### RECORDS SUPPLIED
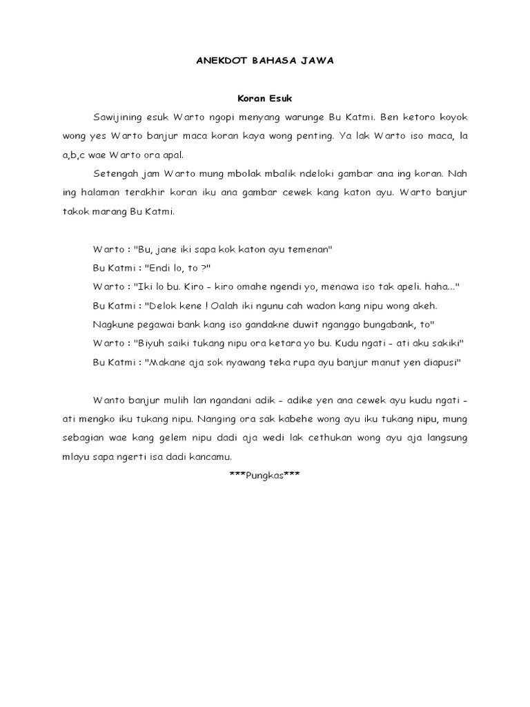 Makanya, teks anekdot yang sering dibuat selalu seputaran layanan publik. Demikian informasi yang dapat kami bagikan mengenai contoh teks pawarta dalam bahasa jawa. Menurut kamus besar bahasa indoensia, anekdot adalah cerita singkat yang menarik karena lucu dan mengesankan, biasanya mengenai orang penting atau. Di dalam sebuah kelas sedang terjadi kegiatan belajar mengajar, di mana sang guru melakukan tanya jawab sahrul pun langsung menghapus foto tersebut dari akun instagrammnya. Teks anekdot kerep asmane tokoh utawa wong penting.
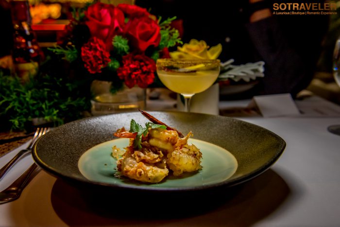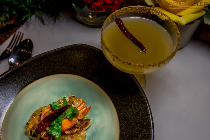เริ่มต้นเข้าสู่คอร์สที่ 1 ยำส้มโอขาวน้ำผึ้งกับกุ้งเสียบ เสิร์ฟพร้อมกับค็อกเทล Thai Margarita ที่มีส่วนผสมของ Mekhong, เตกีล่า, เสาวรสสด, น้ำมะนาว, ไซรัป, พริกคั่ว และเคลือบขอบแก้วไทยมาร์การิต้านี้ด้วยพริกเกลือโบราณ
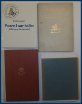 J.A. Thurgren: Stadgar rörande Postwäsendet i Swerige 1858 inbunden, Taxor för postångfartyg 1882, 1884 och 1912, Ernst Grapes Svensk posthistoria m.fl., Olsson/Benzinger: Svenska Postverkets frankotecken Del Ia, III och IV. (Est SEK 1,200).
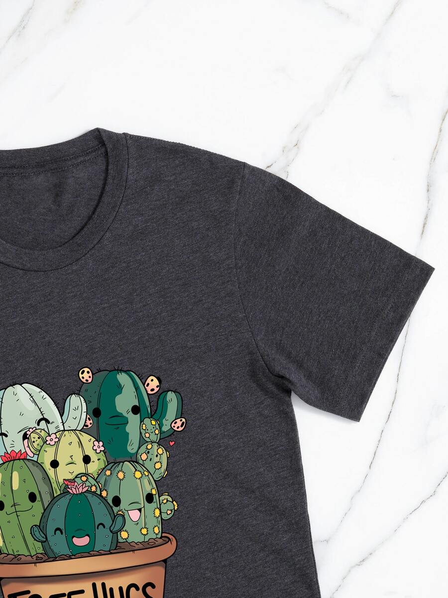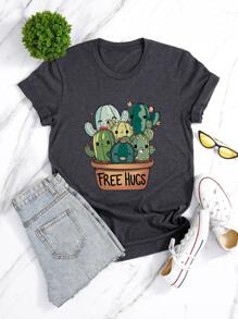 Plus Cartoon Cactus & Letter Graphic Tee
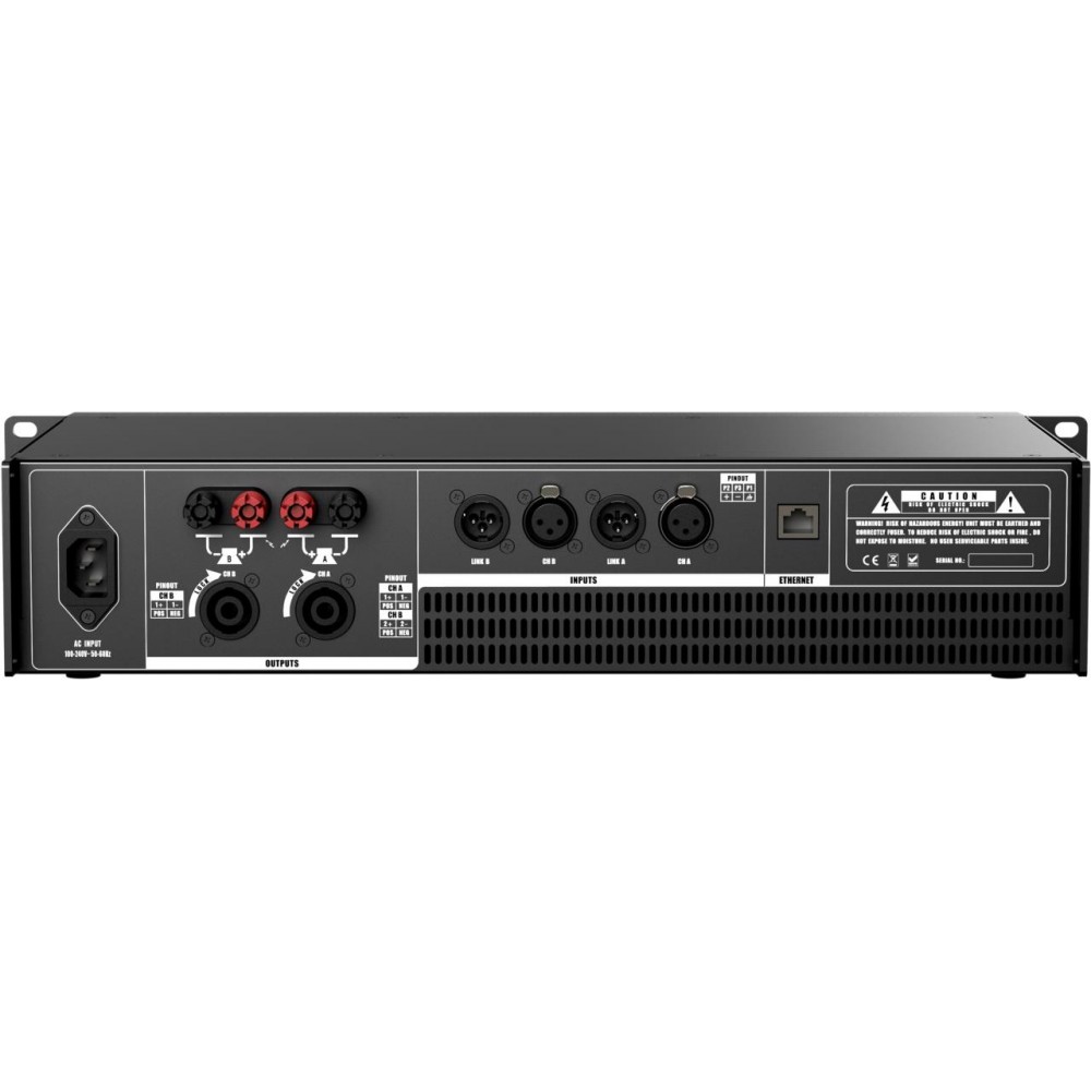 Impedancia Entrada: =20kO(Balanced);=10kO(Unbalanced). Tensión máxima de entrada: =22dBu. Ganancia: 32dBu
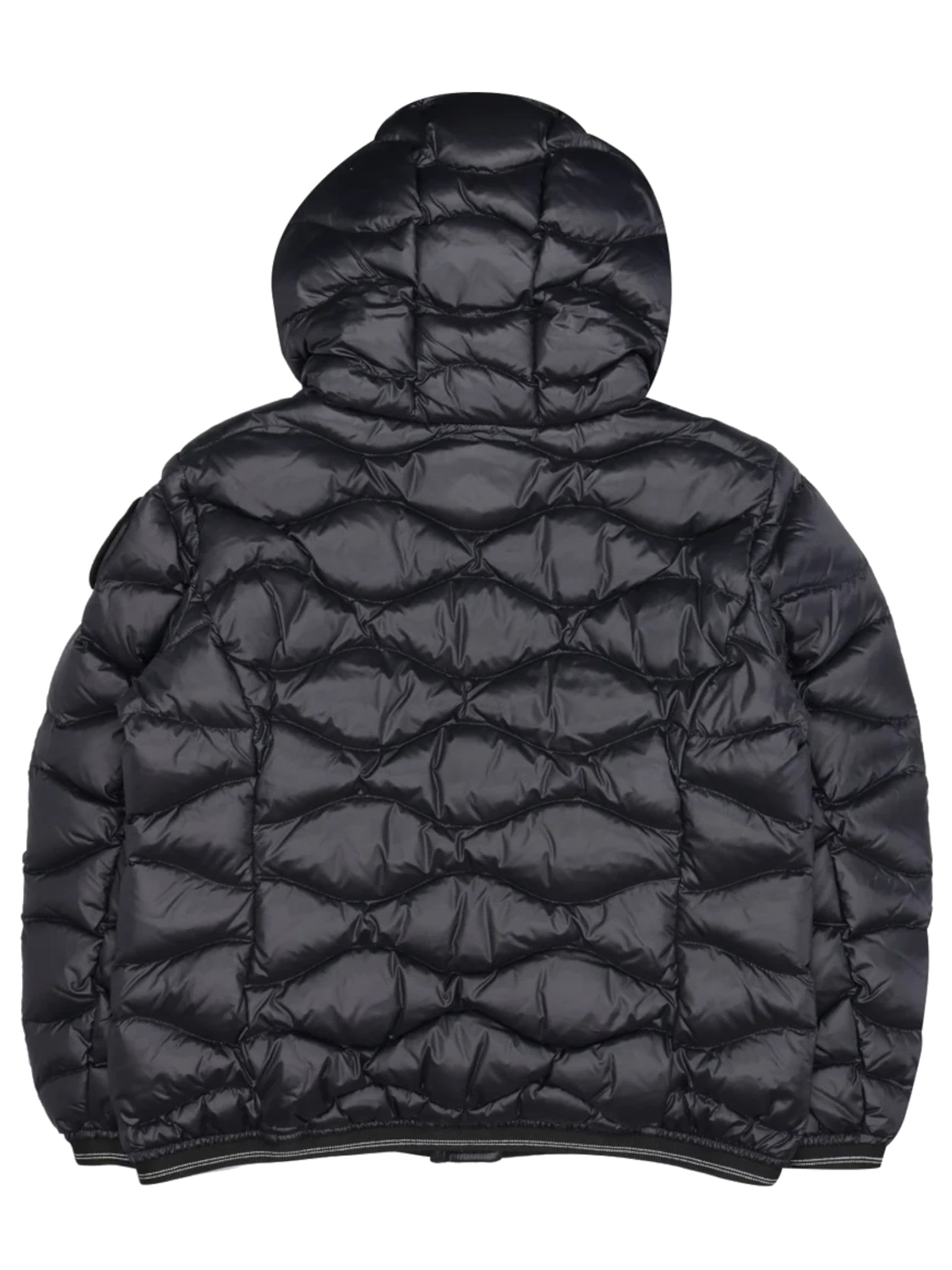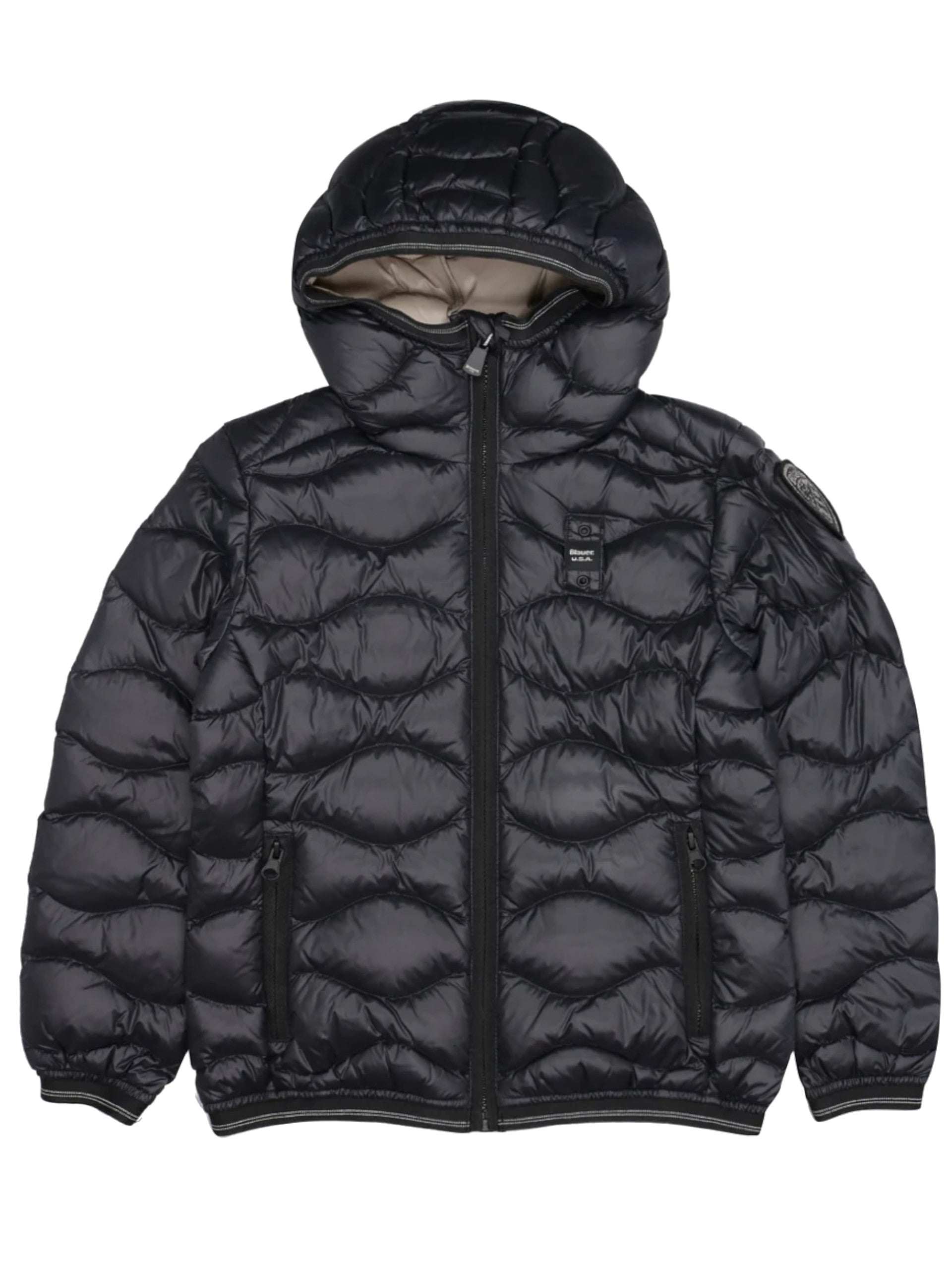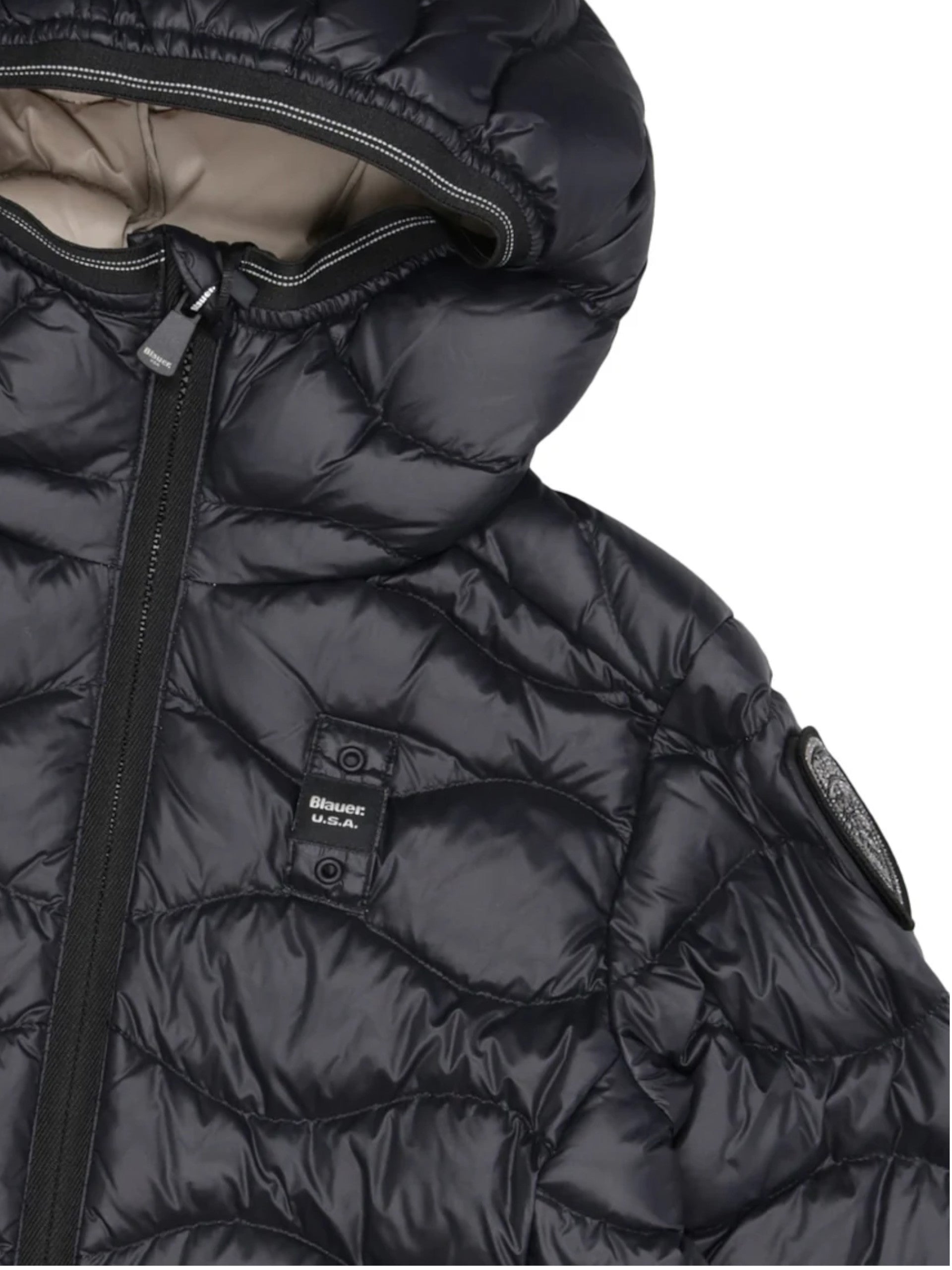Piumino Blauer nero onde logo strass Lowell da bambina C03385007285999EI, realizzato con imbottitura in piuma d'oca. Questo giubbino Blauer onde nero ha il cappuccio fisso regolabile con coulisse, lachiusura full zip centrale, due tasche laterali con zip e il patch Blauer brillantini removibile sulla manica sinistra con strass
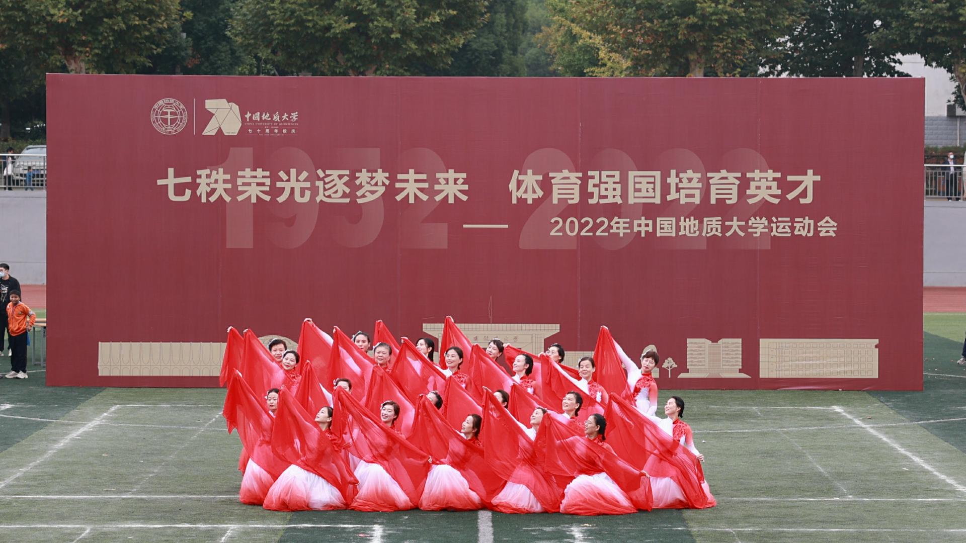 《党旗更鲜艳》向党的二十大献礼,优美的舞姿灵动轻盈,鲜红的绸缎如晚霞般映照在激情四射的地大校园。
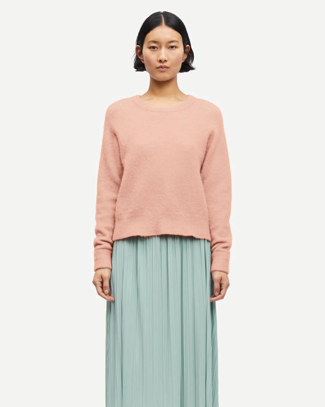 Sweater with a loose fit. Round neck. Main material made from a blend of alpaca wool and wool from the merino sheep.
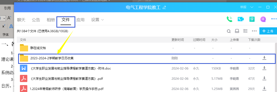(2)收集方式:进教工QQ群界面—文件—教学日历(2023-2024-2)文件夹—上传
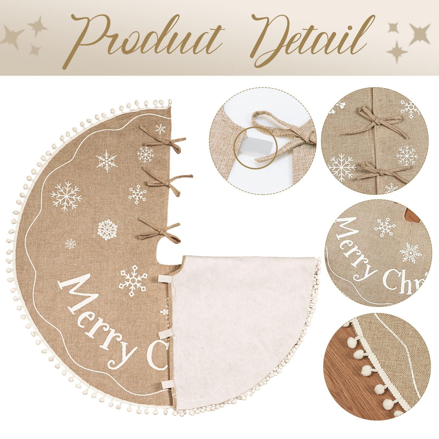 AerWo Christmas Tree Skirt 48 Inches, Burlap Tree Skirt Printed with White Snowflake and Merry Christmas Decor, Brown Tree Skirt for Christmas Decorations New Year Holiday Party Supply Indoor Outdoor
######
◆ WORK REQUIRED
An exact transcription is needed, covering the line with "Impedancia Entrada: =20kO(Balanced);=10kO(Unbalanced)." and every line after it to the end of the entries, but not the pictures.

◆ OUTPUT OF THE EXERCISE
 Impedancia Entrada: =20kO(Balanced);=10kO(Unbalanced). Tensión máxima de entrada: =22dBu. Ganancia: 32dBu
Piumino Blauer nero onde logo strass Lowell da bambina C03385007285999EI, realizzato con imbottitura in piuma d'oca. Questo giubbino Blauer onde nero ha il cappuccio fisso regolabile con coulisse, lachiusura full zip centrale, due tasche laterali con zip e il patch Blauer brillantini removibile sulla manica sinistra con strass
 《党旗更鲜艳》向党的二十大献礼,优美的舞姿灵动轻盈,鲜红的绸缎如晚霞般映照在激情四射的地大校园。
 Sweater with a loose fit. Round neck. Main material made from a blend of alpaca wool and wool from the merino sheep.
(2)收集方式:进教工QQ群界面—文件—教学日历(2023-2024-2)文件夹—上传
 AerWo Christmas Tree Skirt 48 Inches, Burlap Tree Skirt Printed with White Snowflake and Merry Christmas Decor, Brown Tree Skirt for Christmas Decorations New Year Holiday Party Supply Indoor Outdoor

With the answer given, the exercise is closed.